Tuesday, December 17, 2024
Speaker: Zhijian He (South China University of Technology) [Zoom Link]
Title: Reclaiming importance sampling in Bayesian inverse problems: the quasi-Monte Carlo way
Abstract: Importance Sampling (IS), an effective variance reduction strategy in Monte Carlo (MC) simulation, is frequently utilized for Bayesian inference and other statistical challenges. Quasi-Monte Carlo (QMC) replaces the random samples in MC with low discrepancy points and has the potential to substantially enhance error rates. In this talk, I will show how to integrate IS with a randomly shifted rank-1 lattice rule, a widely used QMC method, to approximate posterior expectations arising from Bayesian Inverse Problems (BIPs) where the posterior density tends to concentrate as the intensity of noise diminishes.
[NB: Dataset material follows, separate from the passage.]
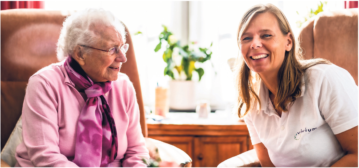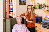 Afke Mengerink (45) werkt pas net bij Vivium in het wijkteam. Ze studeert hbo-verpleegkunde en is nieuw in de zorg. ‘Maar ze pakt het snel op, hoor’, heeft mevrouw Annie Keuker-Kamerling gemerkt. Met zorg aan huis woont deze 97-jarige dame zelfstandig in Laren. Lees hier het hele verhaal van Afke en mevrouw Keuker-Kamerling.

Within the framework of weighted Hilbert spaces, we first establish the convergence rate of the lattice rule for a large class of unbounded integrands. This method extends to the analysis of QMC combined with IS in BIPs. Furthermore, we explore the robustness of the IS-based randomly shifted rank-1 lattice rule by determining the quadrature error rate with respect to the noise level. The effects of using Gaussian distributions and t-distributions as the proposal distributions on the error rate of QMC are investigated. We find that the error rate may deteriorate at low intensity of noise when using improper proposals, such as the prior distribution. To reclaim the effectiveness of QMC, we propose a new IS method such that the lattice rule with $N$ quadrature points achieves an optimal error rate close to $O(N^{-1})$, which is insensitive to the noise level. Numerical experiments are conducted to support the theoretical results.